(EXTRACTED INFORMATION Opens)

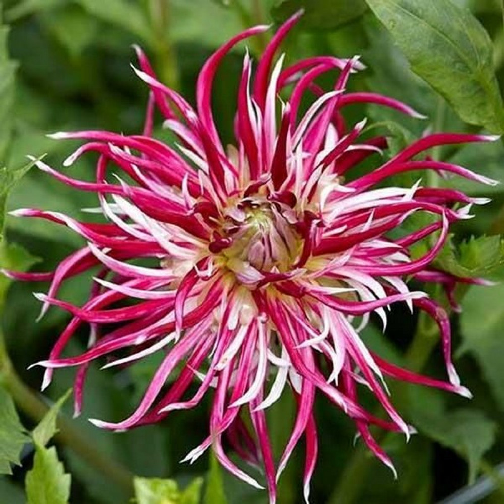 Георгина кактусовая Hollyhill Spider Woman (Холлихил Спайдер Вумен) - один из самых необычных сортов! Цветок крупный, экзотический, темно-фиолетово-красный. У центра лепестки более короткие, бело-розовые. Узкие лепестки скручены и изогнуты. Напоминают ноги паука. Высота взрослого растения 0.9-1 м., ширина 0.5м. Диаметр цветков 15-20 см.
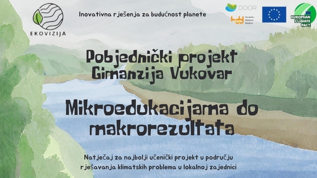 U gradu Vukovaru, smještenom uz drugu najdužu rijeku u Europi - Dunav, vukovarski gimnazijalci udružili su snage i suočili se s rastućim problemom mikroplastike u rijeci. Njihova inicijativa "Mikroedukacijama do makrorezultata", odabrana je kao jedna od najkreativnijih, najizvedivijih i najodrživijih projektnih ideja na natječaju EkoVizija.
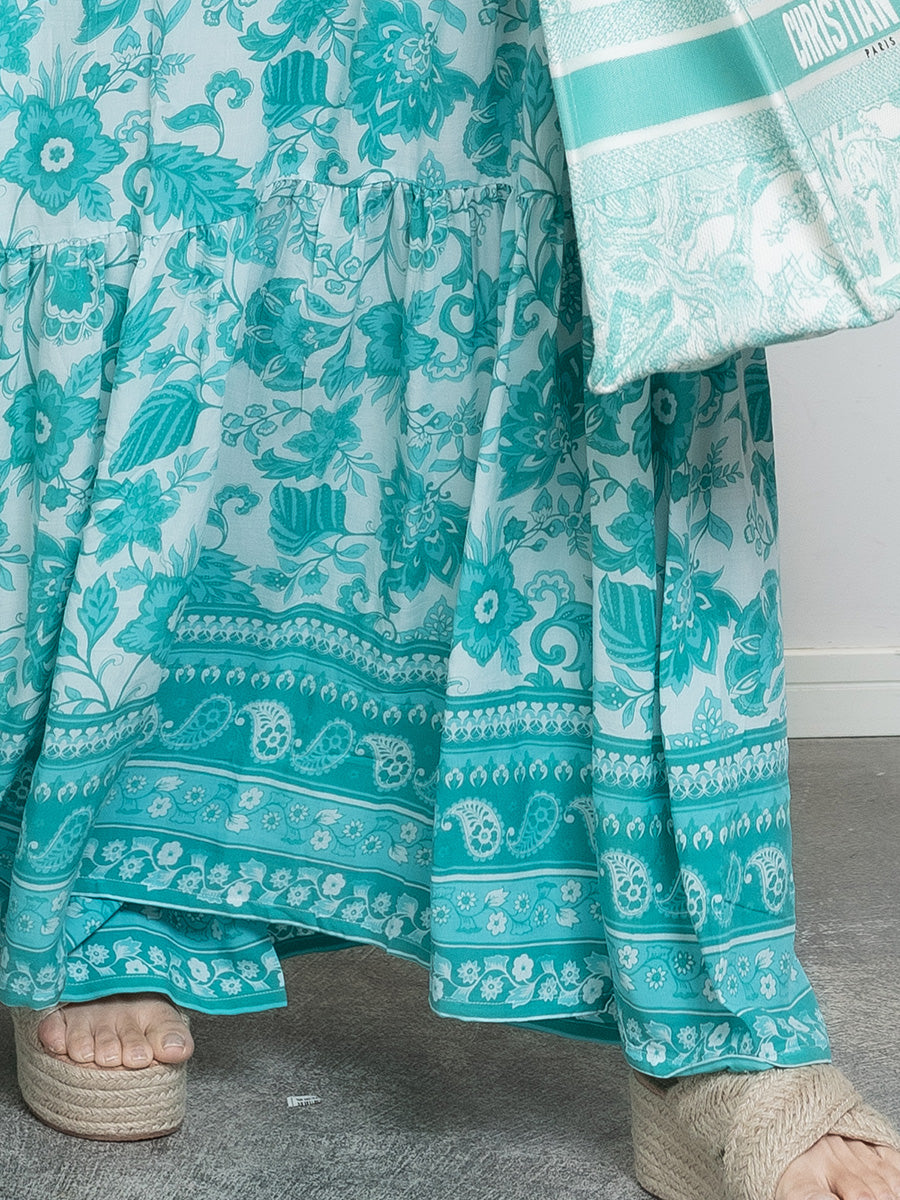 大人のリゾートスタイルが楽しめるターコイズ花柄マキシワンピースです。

(EXTRACTED INFORMATION Closes)
(EXTRACTED INFORMATION Opens)

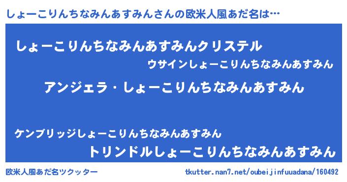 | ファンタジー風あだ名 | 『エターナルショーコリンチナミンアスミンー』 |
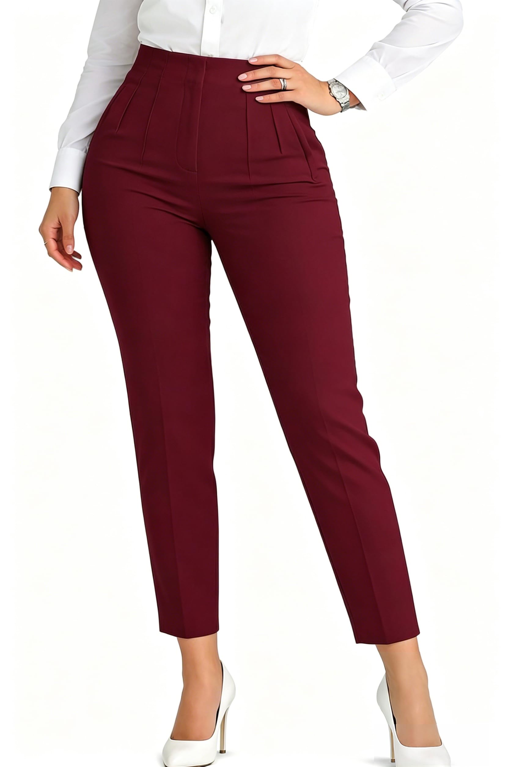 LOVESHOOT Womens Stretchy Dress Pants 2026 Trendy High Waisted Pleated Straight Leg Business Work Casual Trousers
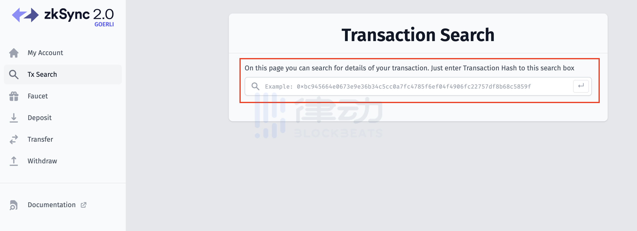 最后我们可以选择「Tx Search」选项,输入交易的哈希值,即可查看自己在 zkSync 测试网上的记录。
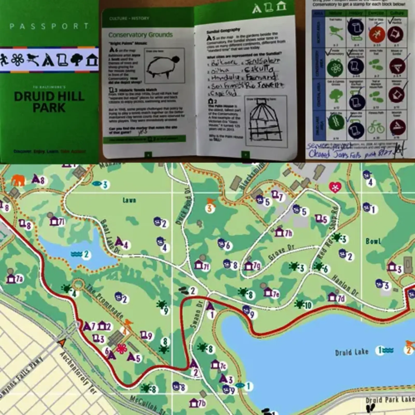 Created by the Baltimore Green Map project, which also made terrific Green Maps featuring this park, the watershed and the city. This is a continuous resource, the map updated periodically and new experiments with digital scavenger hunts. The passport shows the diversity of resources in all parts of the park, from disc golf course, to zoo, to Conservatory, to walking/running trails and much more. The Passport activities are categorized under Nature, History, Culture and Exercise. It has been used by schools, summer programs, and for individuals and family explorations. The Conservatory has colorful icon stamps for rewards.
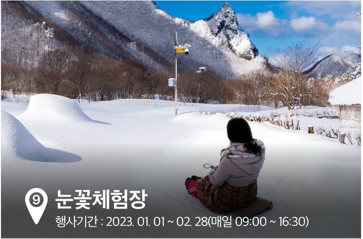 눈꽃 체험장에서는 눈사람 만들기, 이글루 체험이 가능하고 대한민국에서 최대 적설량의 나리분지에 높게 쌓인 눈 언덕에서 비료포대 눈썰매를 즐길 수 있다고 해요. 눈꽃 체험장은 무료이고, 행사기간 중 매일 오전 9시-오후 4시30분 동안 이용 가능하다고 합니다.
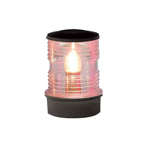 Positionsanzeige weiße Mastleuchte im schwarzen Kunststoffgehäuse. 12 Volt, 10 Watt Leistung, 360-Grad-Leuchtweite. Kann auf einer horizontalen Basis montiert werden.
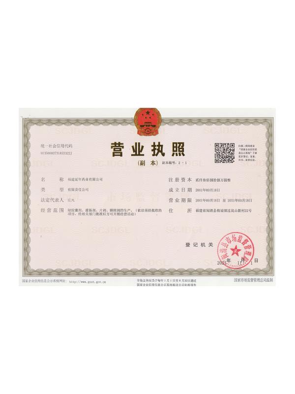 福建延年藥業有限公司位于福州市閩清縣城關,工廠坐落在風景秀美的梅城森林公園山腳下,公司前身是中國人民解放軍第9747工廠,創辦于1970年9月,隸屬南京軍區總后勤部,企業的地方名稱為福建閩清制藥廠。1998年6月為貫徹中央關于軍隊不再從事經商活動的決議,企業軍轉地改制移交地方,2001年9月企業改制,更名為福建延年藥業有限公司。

(EXTRACTED INFORMATION Closes)
(EXTRACTED INFORMATION Opens)

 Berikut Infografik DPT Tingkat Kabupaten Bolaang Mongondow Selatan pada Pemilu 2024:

(EXTRACTED INFORMATION Closes)

TASK OBJECTIVE -> Within the data above, repeat exactly the lines from the one bearing "Created by the" through the one bearing "Positionsanzeige weiße Mastleuchte". Include no pictures and nothing else.

ANSWER TO THIS TASK ->
 Created by the Baltimore Green Map project, which also made terrific Green Maps featuring this park, the watershed and the city. This is a continuous resource, the map updated periodically and new experiments with digital scavenger hunts. The passport shows the diversity of resources in all parts of the park, from disc golf course, to zoo, to Conservatory, to walking/running trails and much more. The Passport activities are categorized under Nature, History, Culture and Exercise. It has been used by schools, summer programs, and for individuals and family explorations. The Conservatory has colorful icon stamps for rewards.
 눈꽃 체험장에서는 눈사람 만들기, 이글루 체험이 가능하고 대한민국에서 최대 적설량의 나리분지에 높게 쌓인 눈 언덕에서 비료포대 눈썰매를 즐길 수 있다고 해요. 눈꽃 체험장은 무료이고, 행사기간 중 매일 오전 9시-오후 4시30분 동안 이용 가능하다고 합니다.
 Positionsanzeige weiße Mastleuchte im schwarzen Kunststoffgehäuse. 12 Volt, 10 Watt Leistung, 360-Grad-Leuchtweite. Kann auf einer horizontalen Basis montiert werden.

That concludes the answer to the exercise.